In seguito vengono poste in
rinnovazione altre strisce contigue.
Se le strisce avanzano in direzione
opposta a quella del vento dominante
gli alberi isolati in seguito al taglio
di sementazione sono meno soggetti
ma schianti e sradicamenti.
c) Tagli successivi a orlo (tagli marginali di
Wagner): il metodo è analogo a quello
precedentemente descritto (t. s. a strisce) dal quale
differisce per iniziare con una striscia tagliata a raso
accanto alla quale si situa la striscia in cui viene
effettuato il taglio di sementazione. La rinnovazione
avviene più facilmente entro il taglio raso.
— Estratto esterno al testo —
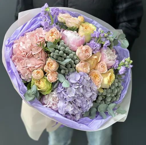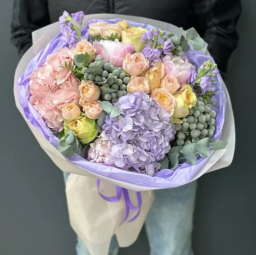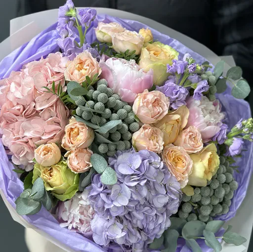 Букет квітів «Gelato» — це ніжність і гармонія, натхненні м’якими пастельними відтінками. У його складі розкішні гортензії, півоноподібні троянди, півонії, стильна брунія, матиола та інші квіткові акценти, що додають композиції об’єму і динаміки. Кожен елемент букета ретельно підібраний, щоб створити відчуття легкості та витонченості, яке ідеально підходить для подарунків на весілля, річницю чи як знак вдячності.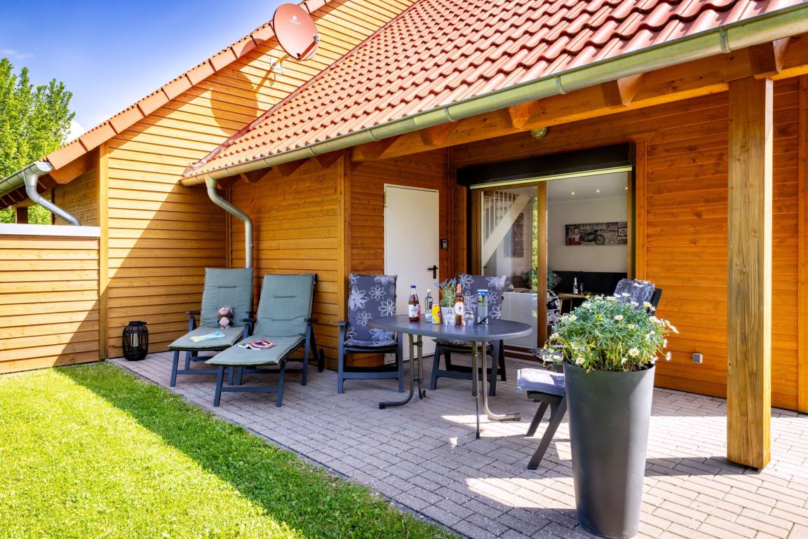 • Teilüberdachte Terrasse mit angrenzender Rasenfläche.

Tagli successivi a gruppi e strisce: questo metodo
combina due metodi descritti in precedenza: una
volta ottenuta la rinnovazione dei gruppi questi
vengono collegati dal taglio a strisce. Anche in
questo caso la rinnovazione ha inizio da un margine
del soprassuolo e procede in una determinata
direzione.
Gli elementi che caratterizzano queste forme di trattamento consistono in: estensione, forma e
orientamento delle tagliate; andamento del margine delle tagliate; utilizzazione della prerinnovazione
comparsa accidentalmente; uso della rinnovazione artificiale; durata del periodo di rinnovazione;
combinazione del principio dei tagli successivi con i principi del taglio raso e del taglio saltuario.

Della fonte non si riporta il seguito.